TLDR: Insecure crypto isn't even safe if you can't see the encrypted value.

The other posts are pretty good about explaining a lot of reasons why you shouldn't write your own crypto, in an environment where the attacker can see the encrypted value, but they miss something really important: you also shouldn't write your own crypto when the attacker can't see the encrypted message.

There's this thing called a "side channel." Side channels are (usually1) unintended things that leak information about what your application is doing. For example, maybe it takes more CPU cycles - and therefore more time - to compare a password that is partially correct against the "encrypted"2 value. This would let an attacker accelerate a brute force attack to slowly learn the correct password.

Let's take a naive example. Let's pretend it takes 1 second to test a single character of the submitted password against the value stored in the database. Pretend the correct password is 8 characters long, and an invalid password is rejected at the first incorrect result. The algorithm might look something like:

boolean encrypt_password(string password) {
    if(not isascii(password) ) { return false; } // ERROR! 
    string result;
    foreach(char c : password) {
        result += daves_magic_that_takes_1s(c)
    }
    return true;
} 

boolean is_correct_password(input, pw_from_db) {
    if(input.length != pw_from_db.length) { return false }
    foreach(char c_in, c_db : input, password) {
         c_in = daves_magic_that_takes_1s(c_in)
        if(c_in != c_db){ return false}
    }
    return true; // valid password!
}

Now, let's imagine the valid password is "password" and the attacker tries the input "a". This fails, because the passwords are the wrong length. The attacker may randomly try various passwords. Every incorrect password longer or shorter than "password" takes less than a second to process. Let's say they soon try "12345678". "12345678" is the same length as "password" so it takes one second to process. The timing is different and the attacker notices. They try several more times to verify, and it's consistent.

The attacker now tries several 8 character passwords. They all take 1 second. The attacker has discovered a side channel that tells them that the valid password is probably 8 characters long. Now they need to determine which 8 character password is the right one.

The attacker starts randomly trying 8 character passwords. Eventually, they try "p2345678" and notice that this takes 2 seconds to complete. They test a bunch and discover that all attempts that start with "p" take 2 seconds to complete. The attacker guesses that the algorithm has a side channel that tells them how many characters they have correct.

Now, instead of having to attempt all 96^8 passwords to brute force the valid one, the attacker only has to try 96*8 passwords3. Depending upon how many passwords can be tested in parallel, they probably can successfully brute force the password in very reasonable time. This is great for the attacker! And it's terrible for the security of your system.4

How do we protect against timing side channels? We guarantee that all operations where timing would leak sensitive information MUST always take the same amount of time to execute.

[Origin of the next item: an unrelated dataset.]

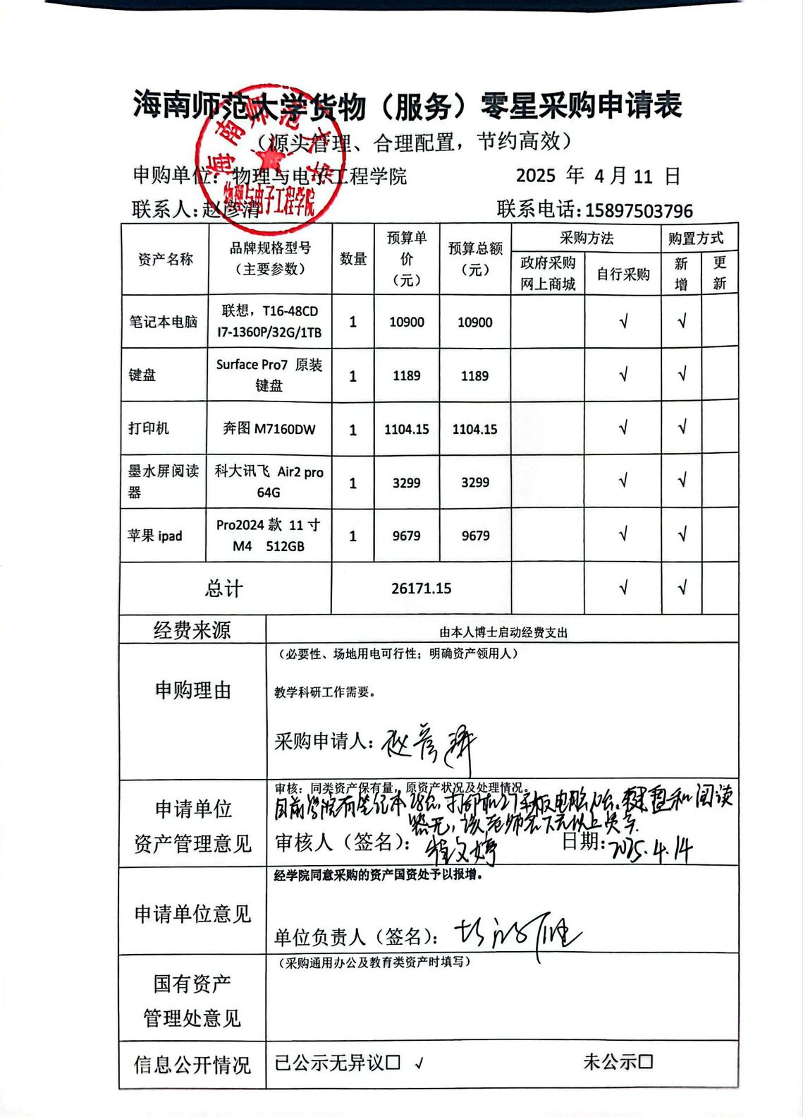 K云体育官方入口赵彦清购买实验设备,公示如下,公示时间:2025年4月14日-4月17日。

This may look like a very simple example. It has happened in the wild. Searching NVD for "timing side channel" will get you lots of real world vulnerabilities that all produce the same kind of results, allowing an attacker to learn secret information to which they are not authorized. By definition, if all operations take the same amount of time regardless of the input, then the amount of time something takes doesn't tell you anything about the input.

In the real world, side channels are incredibly easy to introduce. Dave probably hasn't even heard of them, and is probably a good engineer concerned with the performance of his system - which is actually an anti-pattern for protecting against side channels. Dave's algorithm may very well have both obvious and subtle side channels that he'll never discover, but that researchers and attackers know to look for, and can pretty easily write automated tests to detect.5

So, just because you can't see the crypto doesn't mean that you can't see the side effects of bad crypto, and use those side effects to learn the protected secret.


Endnotes

1: Well, if you're an intelligence agent or a good newspaper journalist, you probably intentionally set up side channels so that you can communicate with your agents/sources without "the enemy" knowing. Similarly, if you're devious, you might create a crypto protocol with a side channel in it with the intention of leaking secret information.

2: Since we can and should always assume custom crypto is insecure (for the reasons others have mentioned in this thread and more), we probably shouldn't call the use of custom crypto algorithms "encryption" or "decryption"... maybe "insecure encryption" or "broken decryption"...

3: I ignore brute force attacks succeeding, on average, when the attacker has tried 50% + 1 passwords, for the sake of simplicity of description. I'm focusing on side channels, not on brute force attacks. I also gloss over the math of a brute force attack, since that's also tangential to the main topic; some Google-Fu on behalf of the reader should locate plenty of resources that go deep into the details.

4: "1 second is way too slow", right? No real world system could be checked for real world timing side channels over the internet, right? Wrong. I don't have the references on hand, but there was research a number of years a go showing that you can statistically test for timing on the order of milliseconds over HTTP transactions.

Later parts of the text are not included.